Description
I have 8 GPUs with 24GB memory each,
here is the code:
CUDA_VISIBLE_DEVICES=0,1,2,3,4,5,6,7 python web_demo.py
--model_name "deepseek-ai/deepseek-vl2"
--port 37914 \
the out put is:
......
deepseek-ai/deepseek-vl2/model-00008-of-000008.safetensors
Loading checkpoint shards: 100%|█████████████████████████████████████████████████████| 8/8 [00:14<00:00, 1.85s/it]

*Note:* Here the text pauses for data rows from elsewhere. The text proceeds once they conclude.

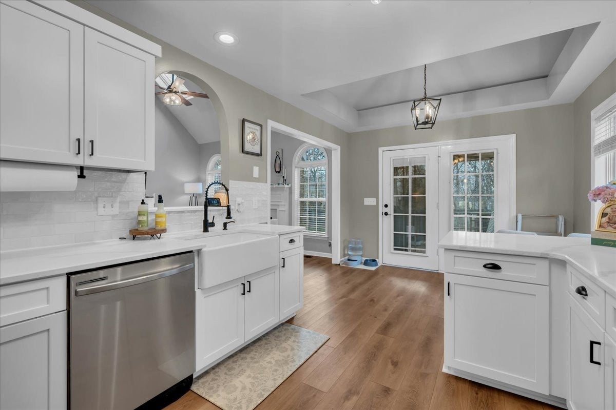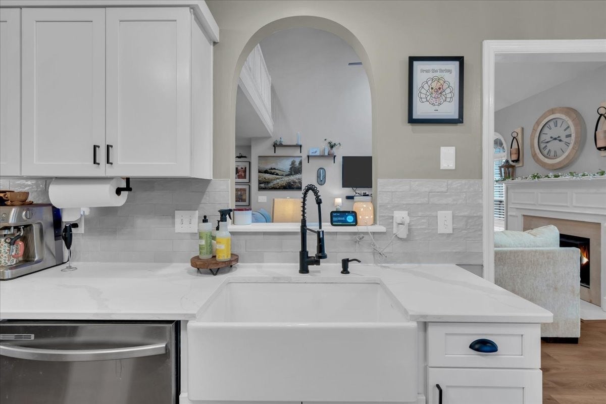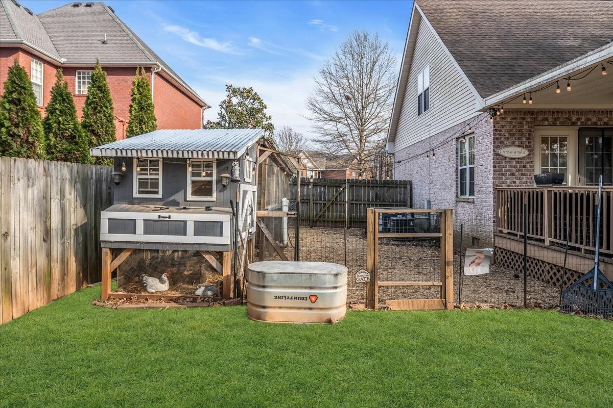 Welcome to your dream home! This stunning 3-bedroom, 2.5-bath brick residence boasts over 2,400 sq ft and backs up to scenic Barfield Park, offering easy access to outdoor adventures. Step inside to find a newly remodeled kitchen featuring quartz countertops, custom cabinets, stainless steel appliances, and a peninsula island with bar seating, perfect for entertaining. The formal dining room leads to a spacious Great Room with luxurious LVP flooring, high ceilings, and a cozy fireplace. Retreat to the large primary bedroom with a remodeled ensuite bath, complete with a new vanity and fresh finishes. Two guest bedrooms share a convenient full bathroom. Enjoy a huge bonus room with plush carpet and a separate office or hobby area for all your needs. Relax on the covered back deck overlooking a fenced yard with a chicken coop and duck house. The garage is equipped with a built-in storm shelter, designed for your peace of mind during severe weather. This family-friendly home is ideal for children and pets, making it a perfect oasis! Convenient to I-24! Easy commute to Nashville!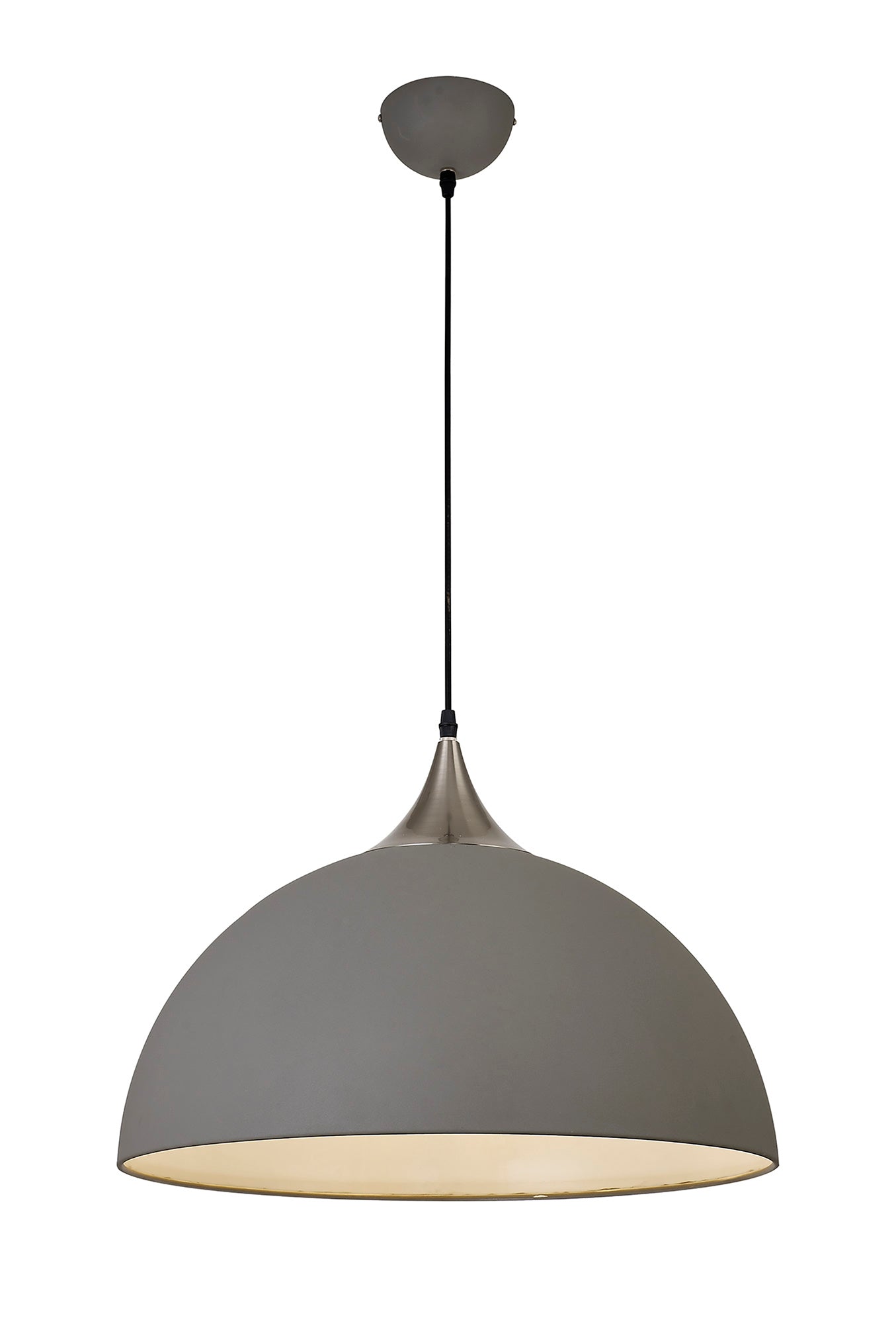 A uniform bowl shape forming the Atanja collection, provides ample shade for the downward directionality of light from the E27 lampholder which it houses. Their dome ceiling cups reflect the form of the 38cm and 50cm metal shades shape allowing a cohesive design. The sand effect of the neutral colour finishes available partner well with the small satin nickel components ensuring the light blends with the d_cor of its chosen setting.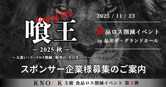 株式会社KNOCK(本社:東京都新宿区、代表取締役:加藤 芳郎)は、2025年11月23日(日・祝)に品川ザ・グランドホールにて、国内最大級の大食いイベント「喰王 -king of bite- 2025秋」を開催いたします。本イベントの趣旨にご賛同いただけるスポンサー企業様を広く募集いたします。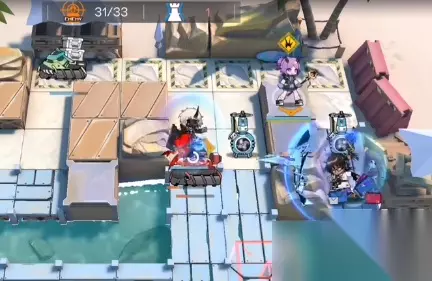 然后在第一次涨潮前,先锋换重装,并给他也贴一个装置。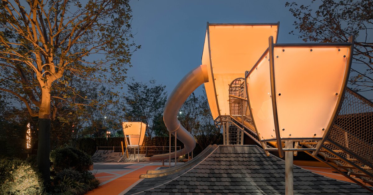The project progresses from historical culture to folkloric symbols and everyday scenes, capturing the essence of “harmony, joy, and the warm glow of countless household lights.” The Neo-Chinese courtyard architecture is extended into the playground, integrating sloped tiled roofs, climbing nets, and interactive tunnels, while rejecting conventional toy-stacking designs.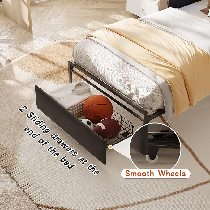 - Under-bed Storage Drawers with Pulleys:This bed comes with storage drawers with pulleys to efficiently organize your belongings. You can store extra bedding,clothing or seasonal items out of sight, yet have them readily available when you need them. The pulleys on the drawers allow you to pull them out effortlessly and also protect the floor from scratches.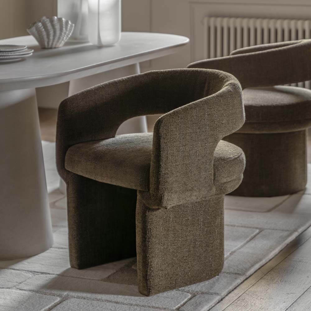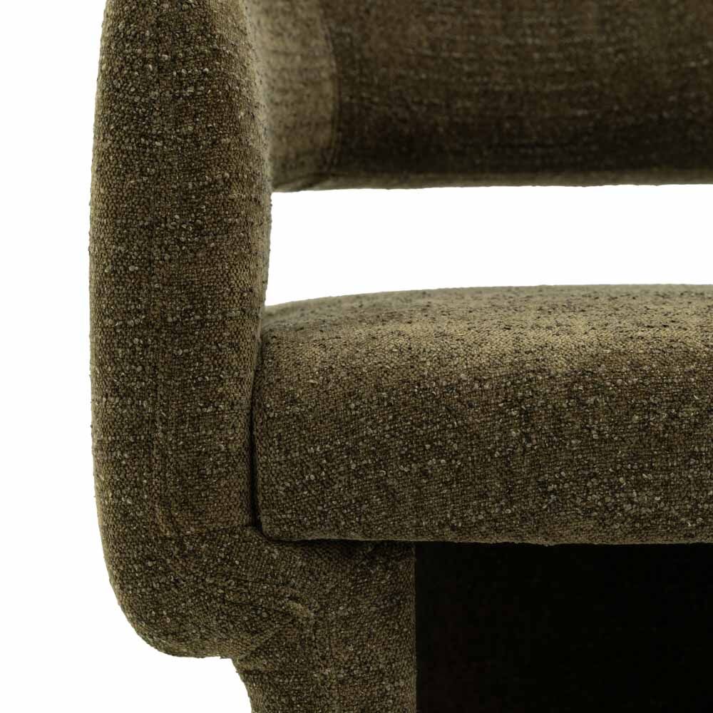 Ideal for creating a chic and comfortable dining experience, this chair combines modern aesthetics with high-quality craftsmanship. Elevate your dining space with the refined charm of our curved back contemporary dining chair in green boucle?where style meets sumptuous comfort.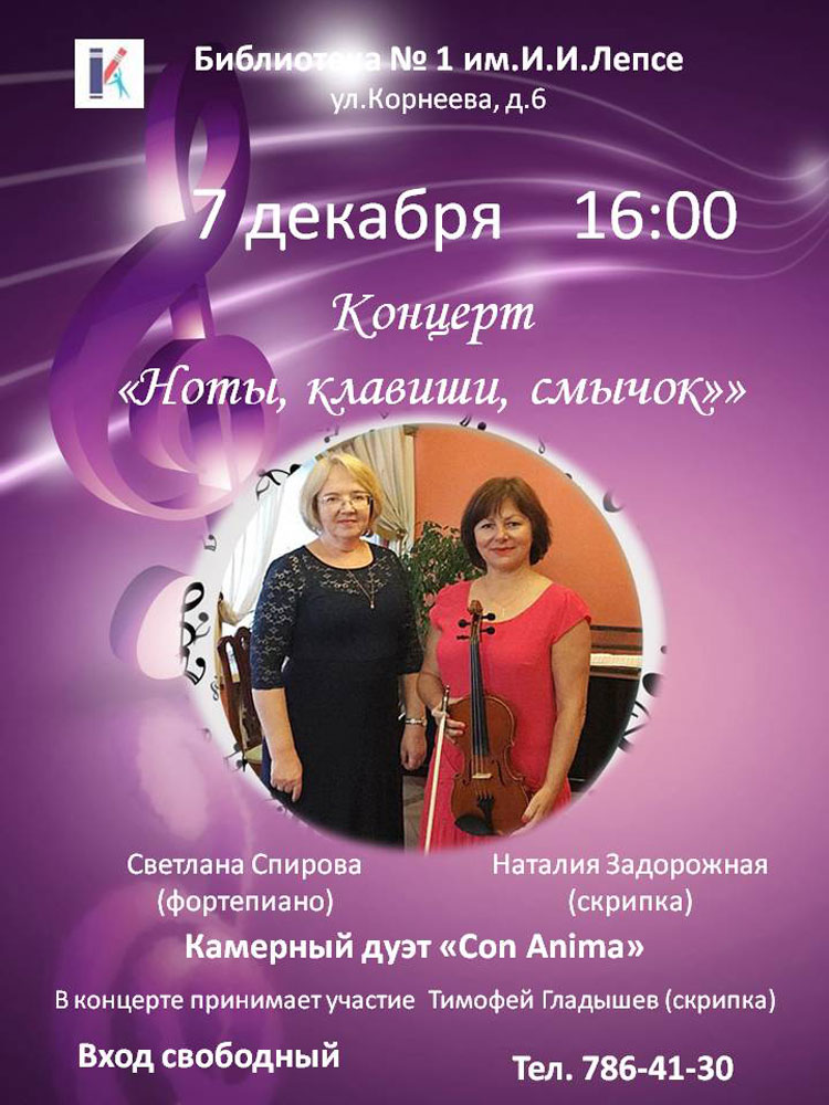 Библиотека №1 им. И. И. Лепсе приглашает на концерт "Ноты, клавиши, смычок" в исполнении концертного ансамбля "Con Anima": Наталья Задорожная (скрипка), Светлана Спирова (фортепиано). В концерте также принимает участие Тимофей Гладышев (скрипка).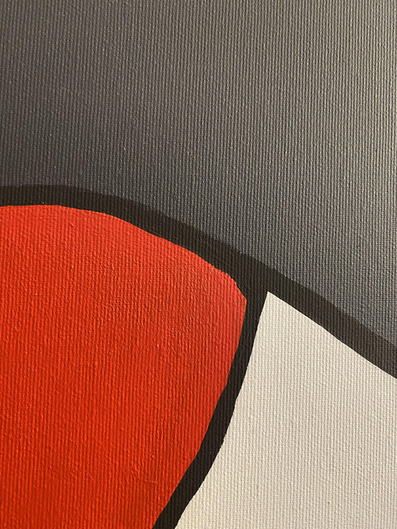 Very simple concept that is underline by th very simple line of the drawing. Few strong colors are the other peculiarity of this artwork: Dark Grey , white and clear red. "That's all folks "

after Loading checkpoint shards: 100%, the CUDA out of memory:
torch.cuda.OutOfMemoryError: CUDA out of memory. Tried to allocate 20.00 MiB (GPU 0; 23.55 GiB total capacity; 17.98 GiB already allocated; 18.81 MiB free; 23.08 GiB reserved in total by PyTorch) If reserved memory is >> allocated memory try setting max_split_size_mb to avoid fragmentation. See documentation for Memory Management and PYTORCH_CUDA_ALLOC_CONF
it seems that only one gpu is used, the CUDA_VISIBLE_DEVICES=0,1,2,3,4,5,6,7 didn't work,
I want to know what need to change, thank you.